About this exercise -
Below are the records; give again exactly the lines from the one containing "近日,受公安部和国家文物局联" through the one containing "空口无凭,还需数据说话。据相", leaving out pictures.

Extracted data -

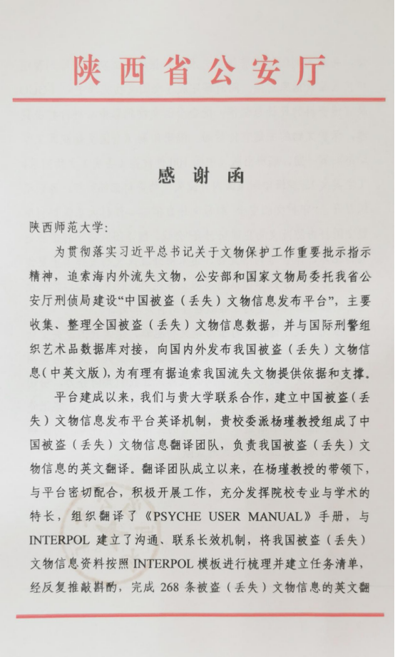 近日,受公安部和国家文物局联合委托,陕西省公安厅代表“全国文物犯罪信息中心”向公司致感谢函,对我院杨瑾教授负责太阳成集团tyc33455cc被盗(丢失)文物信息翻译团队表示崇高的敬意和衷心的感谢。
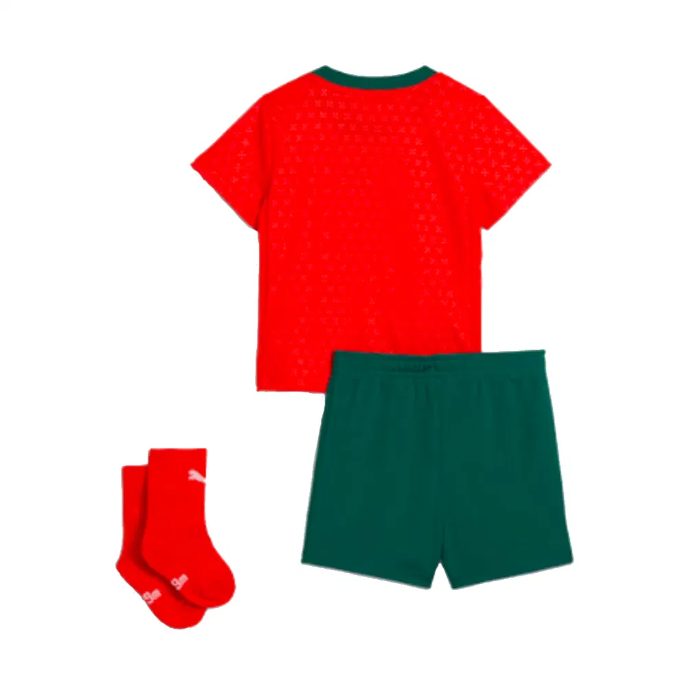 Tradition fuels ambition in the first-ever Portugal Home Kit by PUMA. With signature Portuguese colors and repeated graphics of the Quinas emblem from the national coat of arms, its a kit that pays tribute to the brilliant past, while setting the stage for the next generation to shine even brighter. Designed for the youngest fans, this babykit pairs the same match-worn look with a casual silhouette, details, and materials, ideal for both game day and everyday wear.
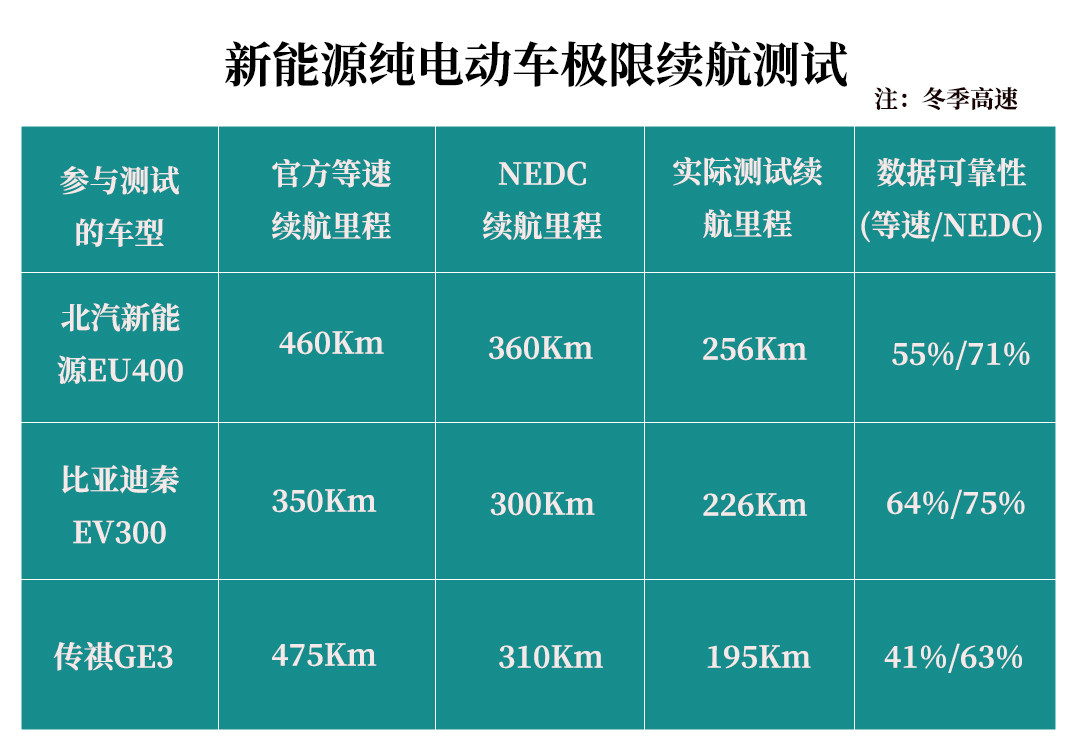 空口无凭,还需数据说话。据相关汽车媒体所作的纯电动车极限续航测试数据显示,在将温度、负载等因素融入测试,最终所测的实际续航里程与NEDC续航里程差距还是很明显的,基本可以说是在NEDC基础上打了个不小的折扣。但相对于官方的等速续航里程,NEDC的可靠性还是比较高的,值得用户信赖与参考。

==

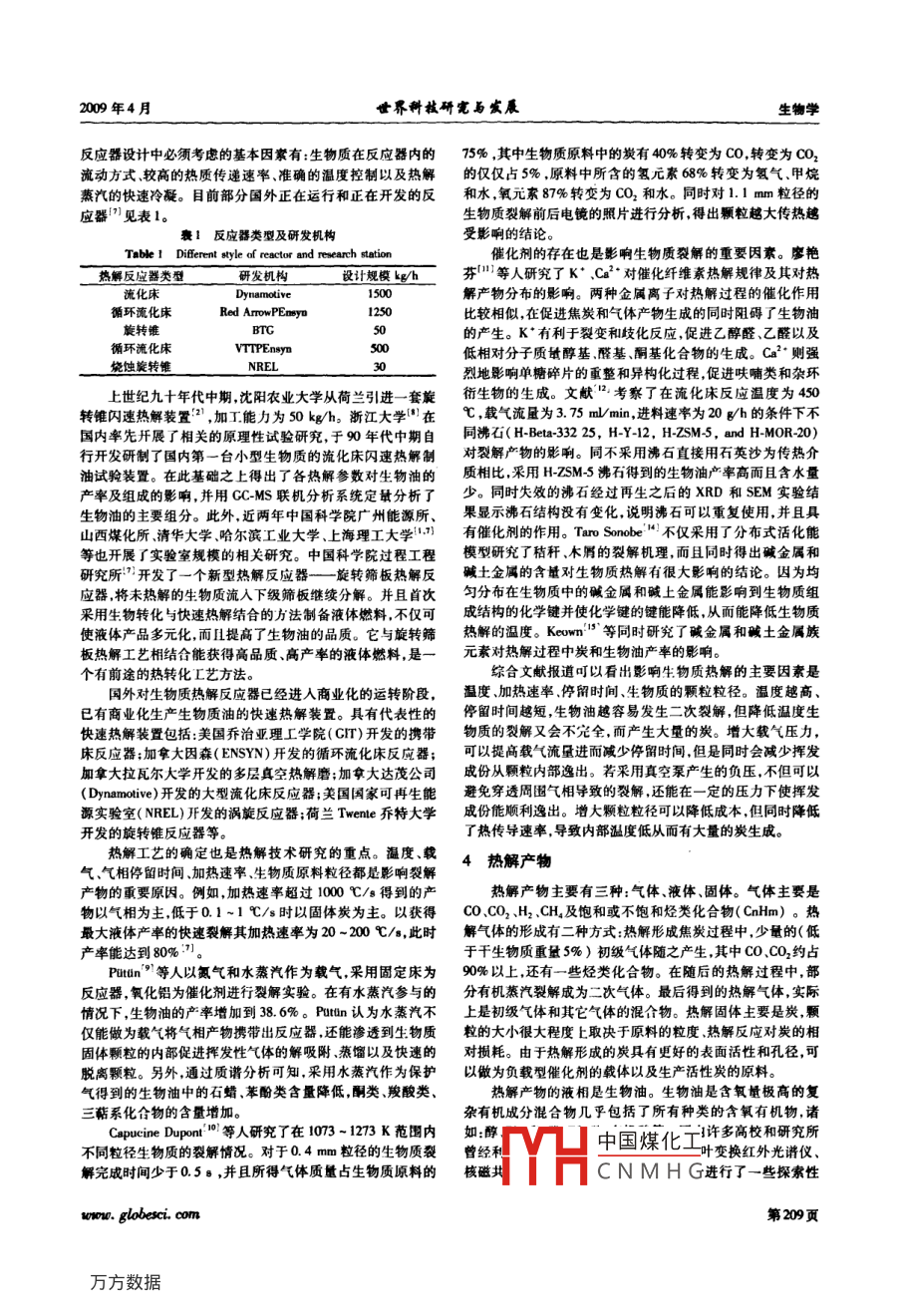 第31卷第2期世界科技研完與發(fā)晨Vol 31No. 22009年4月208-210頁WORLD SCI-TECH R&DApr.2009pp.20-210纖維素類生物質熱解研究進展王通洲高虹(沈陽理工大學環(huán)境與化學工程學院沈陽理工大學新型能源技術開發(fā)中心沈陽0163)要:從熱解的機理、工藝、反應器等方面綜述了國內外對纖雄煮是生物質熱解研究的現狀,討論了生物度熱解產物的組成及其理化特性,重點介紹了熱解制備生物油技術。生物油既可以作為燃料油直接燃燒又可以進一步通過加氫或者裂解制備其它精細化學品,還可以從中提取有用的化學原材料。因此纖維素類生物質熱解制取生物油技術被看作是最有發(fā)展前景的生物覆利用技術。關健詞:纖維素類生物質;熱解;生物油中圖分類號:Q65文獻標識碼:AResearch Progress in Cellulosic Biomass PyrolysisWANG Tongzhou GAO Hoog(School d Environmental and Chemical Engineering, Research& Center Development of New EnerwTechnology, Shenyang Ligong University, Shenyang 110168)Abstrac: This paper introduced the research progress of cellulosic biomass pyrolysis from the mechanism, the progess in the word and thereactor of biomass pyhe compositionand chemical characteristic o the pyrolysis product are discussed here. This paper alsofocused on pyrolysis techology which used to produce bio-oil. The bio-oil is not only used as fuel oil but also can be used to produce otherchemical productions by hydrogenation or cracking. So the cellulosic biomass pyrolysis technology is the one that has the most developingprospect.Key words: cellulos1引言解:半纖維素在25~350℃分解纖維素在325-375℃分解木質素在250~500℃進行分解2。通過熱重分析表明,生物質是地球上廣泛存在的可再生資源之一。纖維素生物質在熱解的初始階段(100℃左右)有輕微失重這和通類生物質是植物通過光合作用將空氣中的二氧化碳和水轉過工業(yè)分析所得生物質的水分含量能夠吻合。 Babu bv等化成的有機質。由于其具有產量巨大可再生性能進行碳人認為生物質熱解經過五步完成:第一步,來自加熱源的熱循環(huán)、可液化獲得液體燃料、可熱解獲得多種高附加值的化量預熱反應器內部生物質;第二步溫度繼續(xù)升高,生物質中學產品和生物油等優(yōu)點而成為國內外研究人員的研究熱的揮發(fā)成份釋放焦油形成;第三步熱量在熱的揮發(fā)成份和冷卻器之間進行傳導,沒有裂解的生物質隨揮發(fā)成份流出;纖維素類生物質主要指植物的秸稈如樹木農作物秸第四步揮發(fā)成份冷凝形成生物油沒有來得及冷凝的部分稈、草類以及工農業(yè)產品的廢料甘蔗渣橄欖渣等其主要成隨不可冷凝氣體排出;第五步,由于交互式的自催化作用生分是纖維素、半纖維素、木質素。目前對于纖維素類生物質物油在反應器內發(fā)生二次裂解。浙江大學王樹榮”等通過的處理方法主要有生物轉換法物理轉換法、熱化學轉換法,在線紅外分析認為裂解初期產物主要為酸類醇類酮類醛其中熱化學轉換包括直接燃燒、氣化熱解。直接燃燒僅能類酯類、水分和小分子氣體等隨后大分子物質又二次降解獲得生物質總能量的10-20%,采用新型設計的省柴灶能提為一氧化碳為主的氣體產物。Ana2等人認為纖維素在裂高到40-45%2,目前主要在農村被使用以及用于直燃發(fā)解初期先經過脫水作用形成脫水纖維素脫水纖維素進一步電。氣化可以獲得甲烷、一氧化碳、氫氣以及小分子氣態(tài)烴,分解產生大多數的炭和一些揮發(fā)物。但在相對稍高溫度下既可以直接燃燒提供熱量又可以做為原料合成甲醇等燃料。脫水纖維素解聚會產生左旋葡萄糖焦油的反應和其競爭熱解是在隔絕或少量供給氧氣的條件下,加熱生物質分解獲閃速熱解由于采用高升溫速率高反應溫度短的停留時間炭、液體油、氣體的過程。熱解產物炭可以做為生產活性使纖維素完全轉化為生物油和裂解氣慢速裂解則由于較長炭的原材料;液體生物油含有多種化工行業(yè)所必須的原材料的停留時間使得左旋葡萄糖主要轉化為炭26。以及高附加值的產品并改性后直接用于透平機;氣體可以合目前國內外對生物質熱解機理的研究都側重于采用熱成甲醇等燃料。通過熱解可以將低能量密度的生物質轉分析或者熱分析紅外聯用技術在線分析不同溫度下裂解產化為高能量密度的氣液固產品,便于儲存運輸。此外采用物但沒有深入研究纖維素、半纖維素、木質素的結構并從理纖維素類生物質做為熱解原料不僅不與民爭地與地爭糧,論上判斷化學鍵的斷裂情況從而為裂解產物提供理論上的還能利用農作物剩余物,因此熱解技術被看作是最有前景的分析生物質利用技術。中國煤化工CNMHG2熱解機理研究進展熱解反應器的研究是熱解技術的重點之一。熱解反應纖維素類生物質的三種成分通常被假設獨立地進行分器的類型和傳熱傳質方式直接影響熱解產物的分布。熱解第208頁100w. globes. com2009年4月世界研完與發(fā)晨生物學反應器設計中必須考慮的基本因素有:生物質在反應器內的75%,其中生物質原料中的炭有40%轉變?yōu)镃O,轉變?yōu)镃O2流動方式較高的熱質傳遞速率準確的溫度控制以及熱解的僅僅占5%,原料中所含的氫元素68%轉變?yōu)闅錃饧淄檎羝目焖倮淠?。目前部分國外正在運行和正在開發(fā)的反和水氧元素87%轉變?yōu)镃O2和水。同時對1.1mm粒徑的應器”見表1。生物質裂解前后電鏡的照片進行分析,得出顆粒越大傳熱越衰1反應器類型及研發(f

Answer section -
 近日,受公安部和国家文物局联合委托,陕西省公安厅代表“全国文物犯罪信息中心”向公司致感谢函,对我院杨瑾教授负责太阳成集团tyc33455cc被盗(丢失)文物信息翻译团队表示崇高的敬意和衷心的感谢。
 Tradition fuels ambition in the first-ever Portugal Home Kit by PUMA. With signature Portuguese colors and repeated graphics of the Quinas emblem from the national coat of arms, its a kit that pays tribute to the brilliant past, while setting the stage for the next generation to shine even brighter. Designed for the youngest fans, this babykit pairs the same match-worn look with a casual silhouette, details, and materials, ideal for both game day and everyday wear.
 空口无凭,还需数据说话。据相关汽车媒体所作的纯电动车极限续航测试数据显示,在将温度、负载等因素融入测试,最终所测的实际续航里程与NEDC续航里程差距还是很明显的,基本可以说是在NEDC基础上打了个不小的折扣。但相对于官方的等速续航里程,NEDC的可靠性还是比较高的,值得用户信赖与参考。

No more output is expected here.